One Wednesday morning, you yell at one of your team members, “Get out, now!” Or, when faced with a question about one of your policies, you say, “Because I said so.” Or, during a weeknight dinner, you say, "I don't care if you like it, that's what you got." Any of those times would be a bad time for workplace leadership, but what parent to young kids hasn't found themselves barking one of those phrases?
In fact, Joanna Faber and the classic Parenting by Julie King How to Talk So Young Children Will Listen justifies this point:we would never treat another adult the way we treat our children, and we would hate to have others treat us the way we often treat our loved ones. And while they recognize that “we cannot treat our children the way we treat our adult friends,” Faber and King point out that “if we want their willing cooperation instead of their hostility, we must find a way to use the same principle of feeling recognition” that we use with other adults.
Another way to think about this is to consider the shocking disjunction between management techniques that we consciously develop for work in the office, but that we too often ignore when we walk through our own front doors. We often see leadership as an important quality for the workplace, but what about its application in the small organization inside the walls of our own homes?
Instead, we We might consider what applying more productive leadership models to our family lives might bring us.
To take just one example, consider the "Likert scale," which distinguishes four types of leadership, including including the less productive “exploitative-authoritarian” and “benevolent-authoritarian” leadership styles, and the more productive “consultative” and “participatory” leadership modes. Even without a management degree, you can probably understand the difference between more and less productive management techniques. The first two establish a more dictatorial leader who hands out punishments and rewards from above and who, whether in a more "exploitative" or harsher "benevolent" style, is the ultimate arbiter of the organization. In these cases, remember Because I said so model of parenthood, or, at worst, the scary wait for your dad to come home child education model. None of these inspire genuine, good-natured participation.
As we know, organizations in our professional lives are more successful when team members share a common goal and feel like valued participants in the process. In the business world, the 'consultative' and 'participatory' leadership models attempt to facilitate this type of positive energy as a means of demonstrating trust in employees and appreciating the skills each team member should bring. at the table. In the consultation model, leaders can seek advice from team members while reserving the right to make final decisions, or they can establish the guiding principles of an organization and then leave the small decisions to the team. . In the participatory model, leaders will involve team members at all levels, including setting priorities for an organization.
Don't think your toddler has expertise in this area? Consider the following:Who in your household knows best the itch of a misplaced t-shirt label? Who in your household might know which foods are most likely to attract a toddler? On a deeper level, even very few children tend to have a sense of justice (think "taking turns"), an idea that violence is not good, and that sharing is good (if difficult in practice).

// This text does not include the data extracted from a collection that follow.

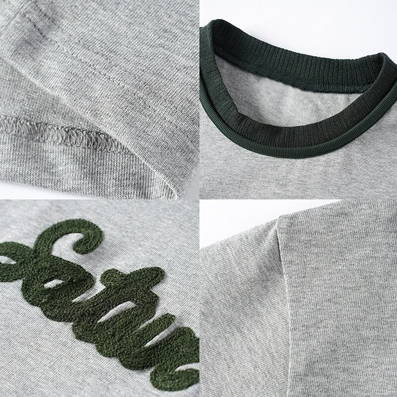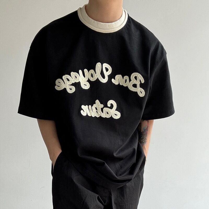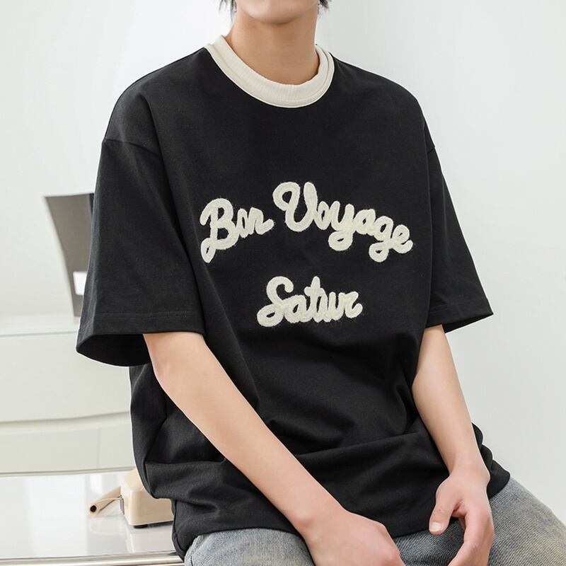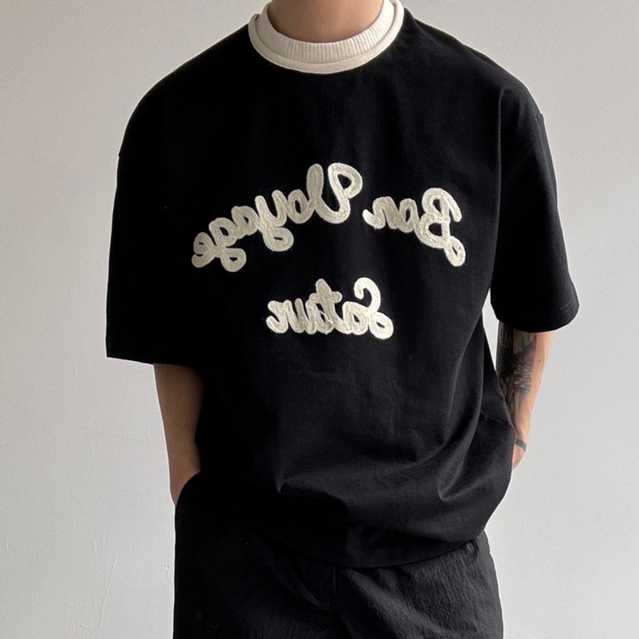 襟ぐりとロゴのカラーとベースカラーのコントラストが映える半袖Tシャツ。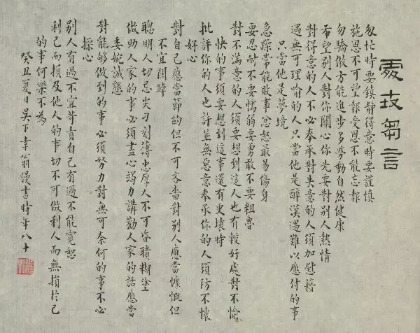 胡建君丨陆康印象一、斯世斯人 我来上海,忽忽十数年,不断有各种朋友在不同场合对我说:你一定要认识陆康! 大概他们知我怀旧,向往过去的江湖,欣赏情至深者与侠之大者。他们说在陆康身上还能看到民国文人的风范,知进退,明得失,通达萧散,渊雅风流,既得庙堂气又深谙江湖气。作为陈巨来先生的得意弟子,陆康工书法篆刻,天资纵逸,走刀如笔,尤以鸟虫篆和元朱文名冠海内。他们说陆康率性慷慨,绝对性情中人,酒酣耳热之际,三言两语相投,往往借着醉意赠送自己的作品。陆康喜欢喝酒,竟自费包下淮海路国际广场四十五层的九龙山会所,广邀沪上三百多位朋友一起笑谈宴饮,不醉不归。“愿掷黄金三百万,交尽美人名士”,这般豪迈气派,令人想到古龙,喝到兴头上,往往挥手把酒店整层楼的单都买了。名士风范,庶几近之。他们说陆康懂岐黄,会针灸开方,亦习易学,能起卦看相,一眼洞穿你的前世今生,只言片语便能警醒梦中人。他们说陆康三教会通,身边胜友如云,常有名流巨子锦衣夜访,问疑论道、砥砺切磋;更有名寺住持上门合十来敬,请他撰联题额,颜其大殿;星云大师的“百年佛缘”印也是他的大作……于是,未曾谋面,陆康先生的大名便如雷贯耳,似乎已相识多年。他并不在我的江湖,却又无处不在,像水和空气一般永恒。 记得壬辰年夏,在张伟生老师的宴席上,我第一次遇到陆康。许有宿缘,果真一见如故,如同久别重逢。陆康先生虽是我景仰的长辈,然言谈间俯仰挥斥、逸兴遄飞,全无时空感和年龄感,真是生动、广阔而明媚。只见他沉默时饶有威仪,说笑间晴空万里,令满座蓬勃,一室生辉。席间,明松谬夸我能赋诗填词,陆康当即拊掌而笑,说近年来一直致力于祖父陆澹安的遗稿整理,其中由明松筹划的《庄子末议》一书即将付梓,想请我填词。次日我即带学生北上写生,途中匆匆完成一首《八声甘州》寄赠,陆康认为文情俱佳,由衷感慨道:“祖公倘健在,定喜纳你为女弟子。”我心下愧惭,更神往非常。斯世与斯人,渺矣不可寻,所幸在陆康先生身上,还能依稀遭遇旧时的月光。 才从外地写生回上海,陆康便设宴款待,请的都是气场相合的人。见面即赠我一方“海上君宁”的鸟虫大印,一时受宠若惊。灯下谛视,只见印面繁饰巧妆又文雅舒展,鱼鸟暗藏。之前明松送过他一本我的散文集《飞鸟与鱼》,篇首有诗云:“飞鸟在天鱼在水,风云有续不相违。鸟飞网角鱼升树,情以何堪说是非。”他一定记着了,并说鱼鸟的气息也与我暗合。再看印面,竟有了一种自在的欢喜与华丽的忧伤。后来他说这方印是他当年刻得最满意的一方,花足了心思,我也感念这份珍重的情意。 「海上君宁」 陆康又见我在书里写到画家朋友王瑛,表示同样欣赏她高蹈绝俗的品性。他并未见过王瑛,仅仅因为这篇文字,又听闻她没有合适的名章,便刻印二枚交由我转赠。他说“王瑛”二字不易排布,笔画一少一多,又有两个“王”字形,含对称而少变化,每每临睡前便在被头上用手指比划,好几天后才一鼓作气地下刀刻就。两枚印风格各异,供她随意取用。为一位陌生的朋友,亦如此用心,庄重不苟,足见其性情与品格。沪上大收藏家、篆刻家王鸿定还说起,有次请陆康先生确认高古青铜剑上的几个鸟虫篆铭文,他一一辨识后写在纸上寄来,随释文送达的,还有厚厚一本他亲自去复印的《东周鸟篆文字编》以供参照。 后来陆康邀我去往他府上一叙。我提前半小时抵达,本想找地方消磨些时间,竟远远望见他早已端立在大门口等候。那天下着细雨,他手提一把红色长柄伞,满面笑容,微微颔首,一时间我感动莫名。后来发现陆康每次宴请宾客,总会提前半个多小时抵达,并备足上好红酒,务必等所有人到齐才开席。朋友们习惯了他的风格,都不好意思迟到。而且他的饭局,会考虑诸友朋之间个性气质是否相合,必精心安排彼此的座位,有时会写在纸上斟酌编排四五遍。席间他会照顾到在场的每一个人,特别是左右的女士,为之添酒夹菜,且海阔天空地调动欢愉气氛。他常言:“我的友朋非常多样和多层次,我尽量组合成有趣味而相洽的晤聚,不要让一天淡然白过。”陆康组合的聚会,似乎都有和谐的气场和端正的能量,互相激扬催发,和乐融融。每个人身上那些真善的本性,都被无拘无束地释放出来,一时尘世俱远,初心永驻。无论何时何地,因为有他,都成良辰美景。很多朋友,因他而改变了生活方式和人生态度,世界由此豁然开朗。 美食家如陆康,上海有特色、有名头的饭店鲜有他不曾光顾的。他信奉“钱用掉是财产,用不掉是遗产”,遇到新开张的店恰合他的口味与格调,便会一掷万金地当场办卡,随之络绎宴请好友们品赏。每次去他的聚会,酒肆服务生们都极尽周到,因为他会真诚赞赏他们的服务,记住每一个人的名字和家乡,时常奖赏不菲的小费,并在年终请他们餐叙。在上海这么多年,我是第一次见到有人专门宴请饭店服务生的。他习惯性地关照到身边的每一个人,不论位卑位尊、富贵贫穷。比如他的门卫、保安、司机、钟点工等等,都时常受他施惠照应,这大概是一种与生俱来的仁厚之心与贵族风范。 所谓“大知闲闲”,陆康只施恩,不交恶,不轻一人,不废一物,与人无嗔无求。似乎没有见过他动气,最多只说一句“此人不好玩”,便疏于往来。鲁迅当年说过,最高的轻蔑是无言,而且连眼珠子也不要转过去。而嫉恶如仇的鲁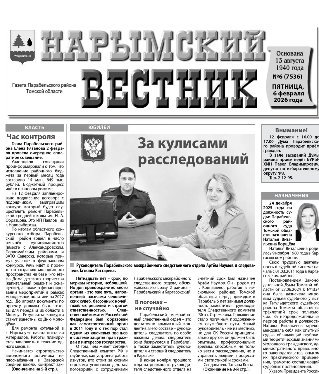 К 15-летию образования Следственного комитета Российской Федерации на страницах газеты «Нарымский вестник» вышел специальный репортаж, посвященный будням Парабельского межрайонного следственного отдела. В интервью журналисту издания руководитель отдела Артем Наумов и сотрудники следственного подразделения рассказали о специфике работы на территории северных районов Томской области и особенностях расследования тяжких преступлений в глубинке. Предлагаем вашему вниманию материал о сотрудниках, для кого девиз ведомства «Чужой беды не бывает» является главным профессиональным и жизненным ориентиром.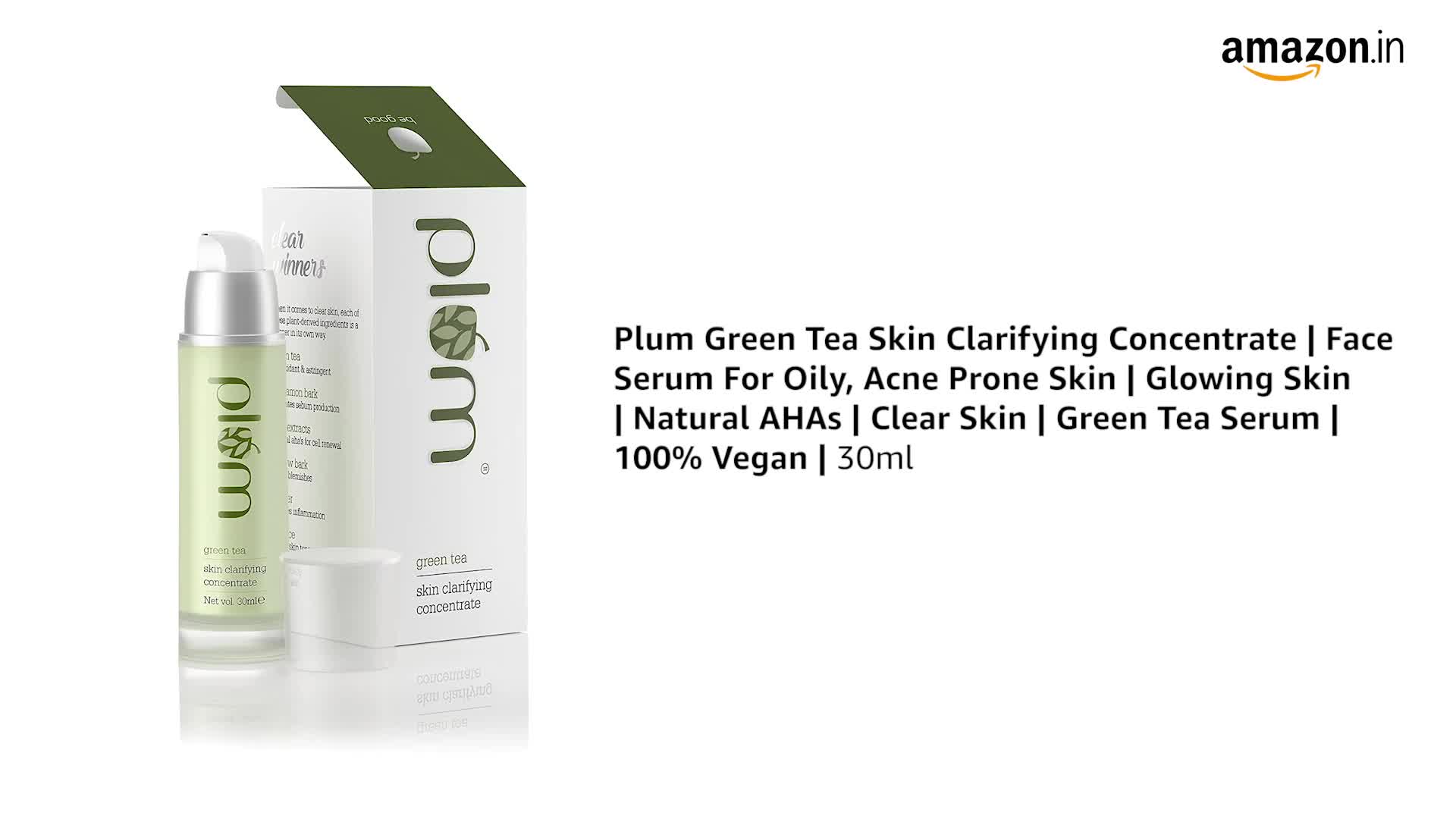 Clear skin this way when your skin is oily and acne-prone you need action on multiple fronts to clear things up. This 100 percent vegan hyper-concentrated serum helps clear up and brighten skin and prevent the appearance of fresh spots and blemishes in 5 different ways: Green Tea prevents oxidation of sebum one of the major causes of acne Alpha-hydroxy acids (AHAs) from 5 different plant sources promote skin renewal Cinnamon bark helps regulate sebum production naturally Willow bark contains salicylic acid that fights acne-causing microbes Licorice helps tackle hyper-pigmentation and clears up skin. Can be used twice daily as part of a regular skin care regime for oily and acne-prone skin. All Plum packaging is 100% recyclable. Once youve used up all the goodness in your Plum bottles send your empties to us and well recycle them! Just reach out to us on our customer care contact number or email id and share your complete address and contact number to request a pick-up.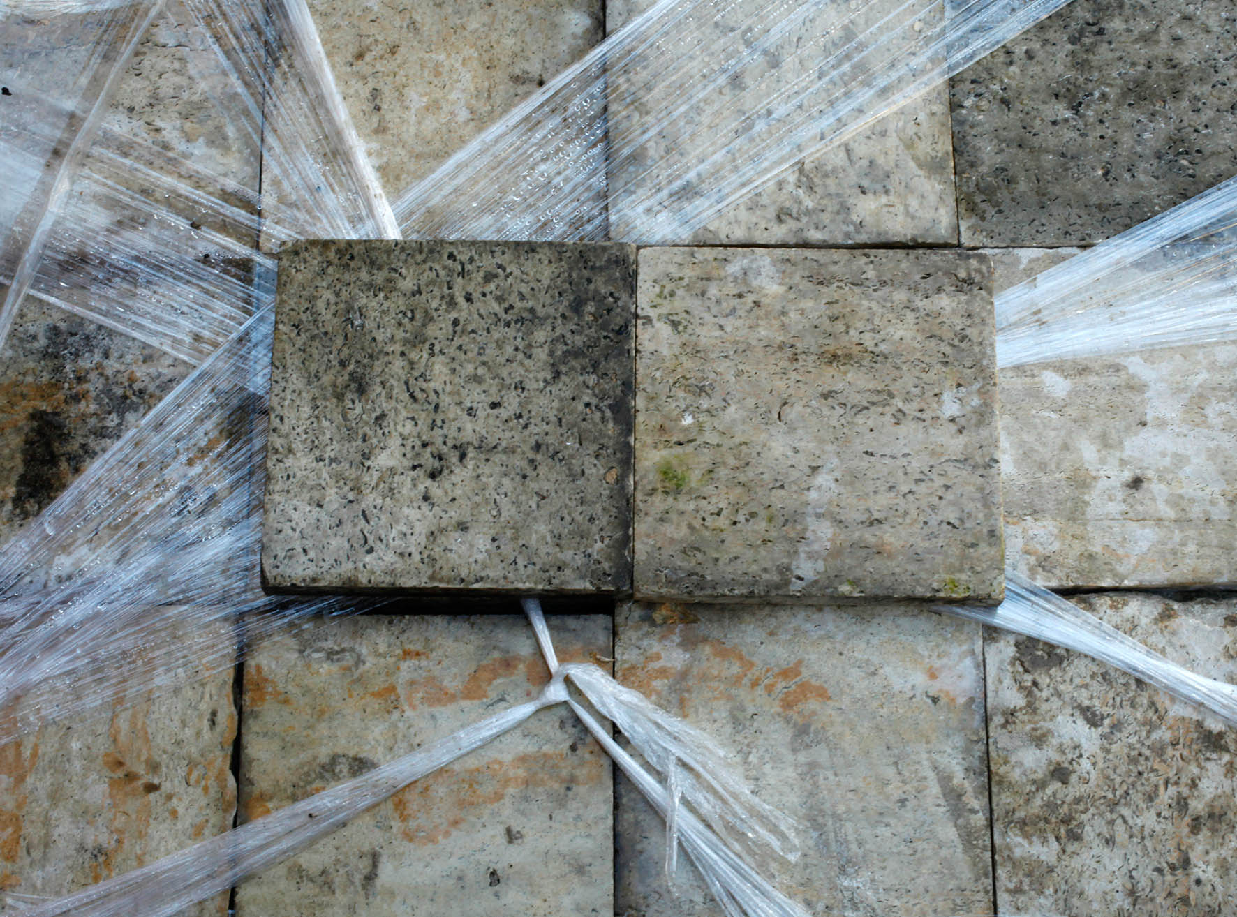 1930er Jahre, quadratische Platten aus 4 cm starkem Material, gesamt ca. 83 qm, Maße Platten je 30 x 30 cm, auf Paletten gestapelt.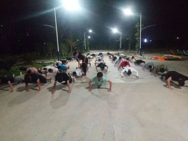 公司的彩旗队队员共进行长达半个月的训练,他们利用晚自习时间,从晚上七点一直训练到夜里九点半甚至更晚。训练初期以扛着旗杆,站军姿为主,每一次的军姿时间都会比上一次更长,只为能够在田径场上起到标杆的作用。除了标准的军姿外,臂力也同样是训练的重点。为了能够持杆更稳,俯卧撑成为队员们的“必修课”,刚开始很多队员都做不了几个,但通过一轮一轮的训练下来,他们一分钟将近能做四十个。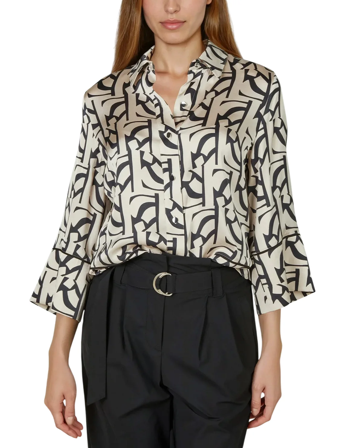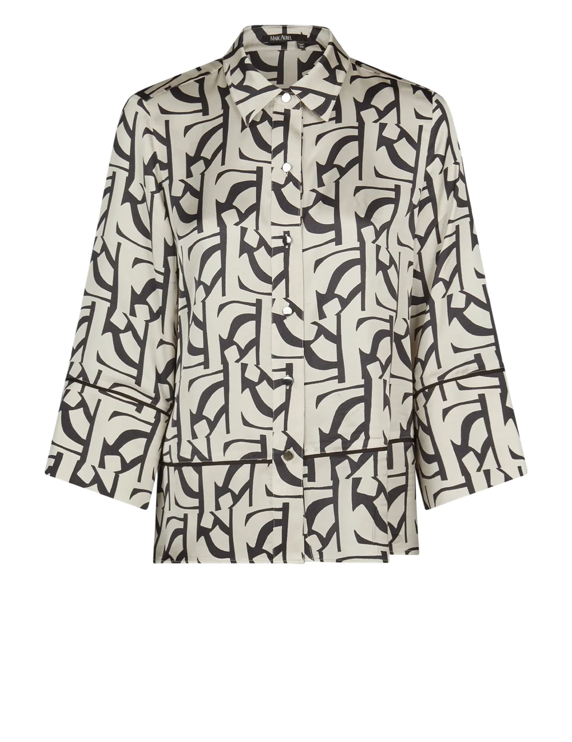 Блуза изготовлена из 100% вискозы высокого качества. Модель выполнена в свободном крое. Имеет отложной воротник, планку на пуговицах и рукава длиной 3/4. Декорирована абстрактным принтом.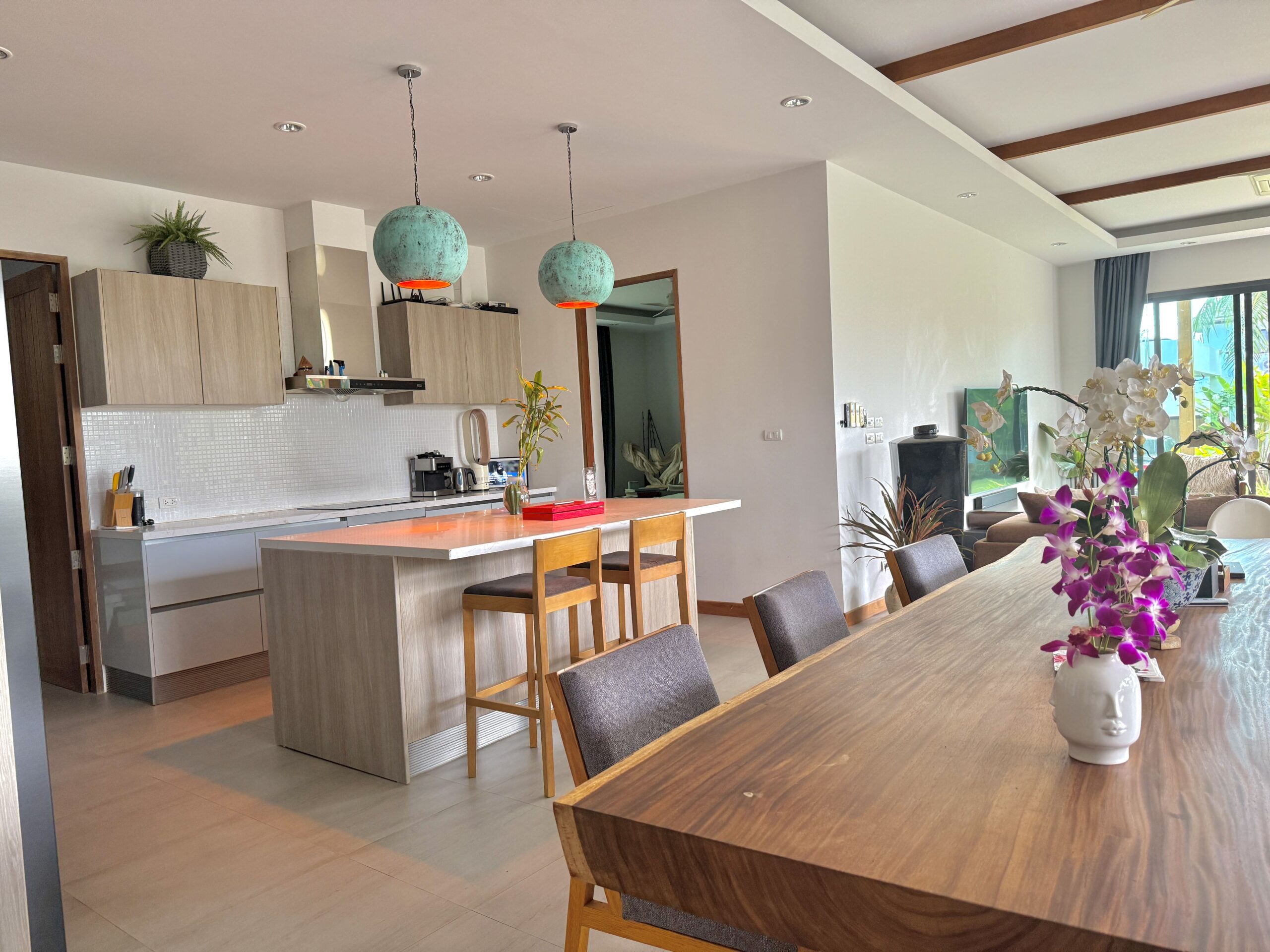 Set on a thoughtfully designed layout, the villa features three spacious bedrooms, modern bathrooms, and a fully equipped kitchen ideal for everyday living. The large terrace with outdoor dining creates a seamless indoor–outdoor lifestyle, enhanced by a pizza oven and BBQ—perfect for entertaining friends and family. Stylish interiors, quality furnishings, and generous living spaces make this home both practical and refined. Private parking and a secure, quiet neighborhood ensure comfort and privacy. Located close to Boat Avenue, residents enjoy quick access to international restaurants, shopping, cafes, and the Laguna area, with some of Phuket’s best beaches just a short drive away. This makes the property highly sought-after among long-term residents, reinforcing strong social proof for luxury villas in Phuket.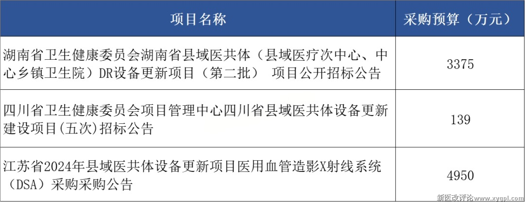 例如,江苏省卫健委牵头的江苏省2024年县域医共体设备更新项目医用血管造影X射线系统(DSA)采购公告中,计划采购6套DSA,分别安装在江苏省6家不同等级的县域医共体牵头医院。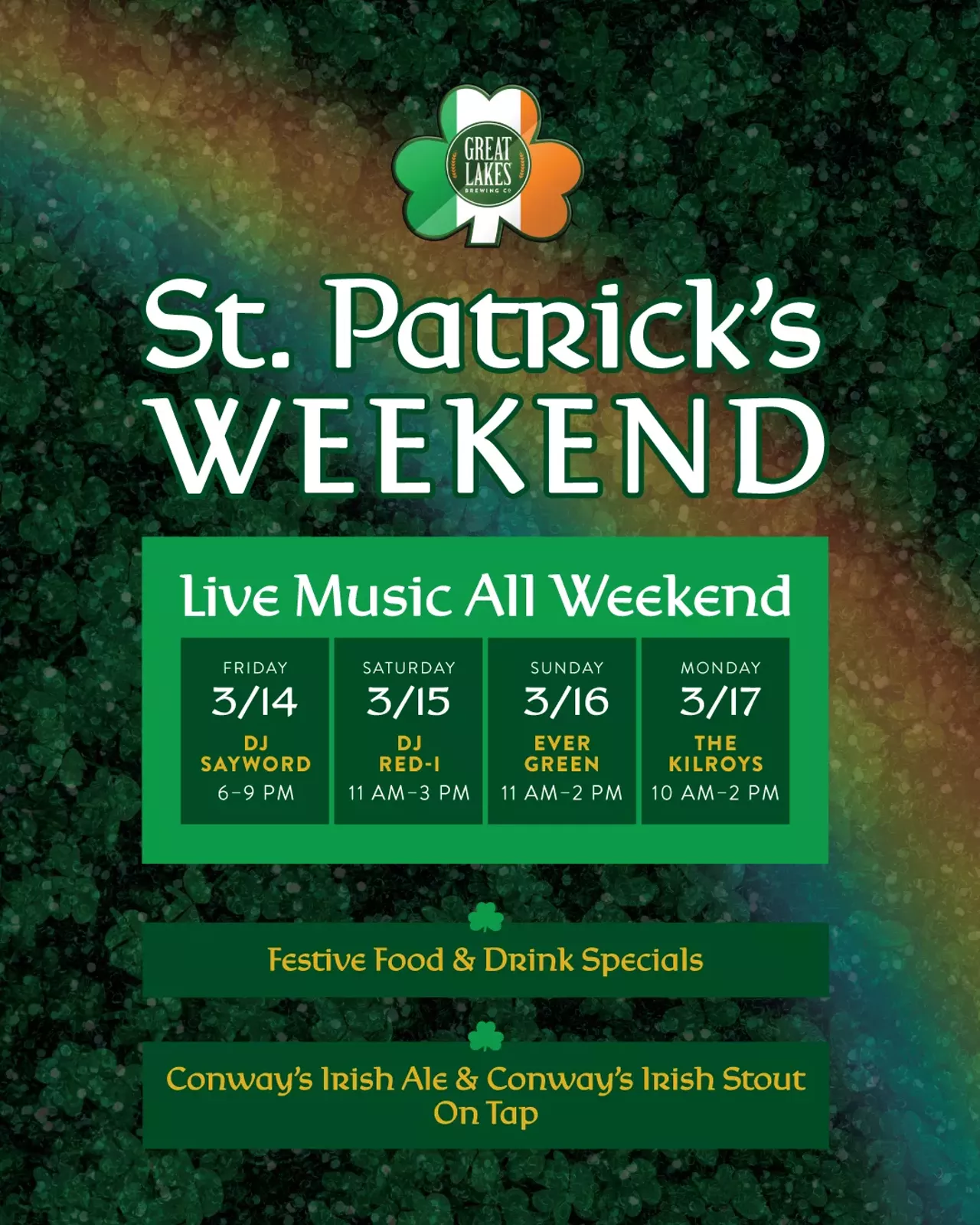 Join us at the brewpub to celebrate St. Patrick's Day Weekend! We'll have live music, festive food and drink specials, Conway's Irish Ale and NEW Conway's Irish Stout flowing on the taps, and our St. Paddy's Party Pub pop up in the beer cellar. Plus, we're hosting the Post-Race Hooley Celebration for the St. Malachi Church Run! See full entertainment schedule below.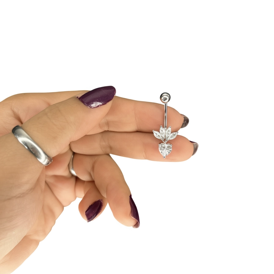 پرسینگ نقره ناف آویز نگیندار طرح قلب|پیرسینگ نقره 925 اصل ایتالیایی

So what might it look like at home? First, consider common sources of conflict. Typical parent-child conflicts can include fighting over food or dressing and going out in the morning. And while, as Faber and King acknowledge, children are not adults, modified versions of the strategies associated with consultative and participatory leadership styles can work at home.
So just because a kid knows that sweet tastes better than sour doesn't mean there will only be popsicles for dinner. However, you can still appreciate and benefit from the wisdom of the little people in your life. For example, in the advisory model, a parent can fill a child's dresser drawer with only weather-appropriate clothing. In the morning, the child can choose any long-sleeved top they want (even if it bumps into pants, even if it's the same top of the head as the day before). Or, in the same model, a parent can cook a healthy dinner and allow the child to self-serve and control what healthy foods they want to eat (even if one night it's a carrot-only dinner and then it's all chicken dinner).
In the participatory model, a parent could ask the children to brainstorm ideas for a family motto or code of rules, asking, "What what is most important to us as a family?” Or, perhaps more fun, have the kids help set a family schedule — "What should we try to do this year?" Then, on a more local level, use these principles to make family decisions about how to spend the weekend, what to do for the holidays, etc.
The same strategies could be valid even without children. For example, if a couple often butts heads over their financial behavior, what about discussing shared household goals? If the main thing you're working on as a unit is saving for a down payment on a house, it might be easier for the highest-spending member of the couple to cut back on an expensive latte habit. However, if the goal is to enjoy and develop friendships, then perhaps coffee with new neighbors or colleagues is important. Whatever your priority, working together toward family goals is a more enjoyable and productive way to exist in the organizations we call home.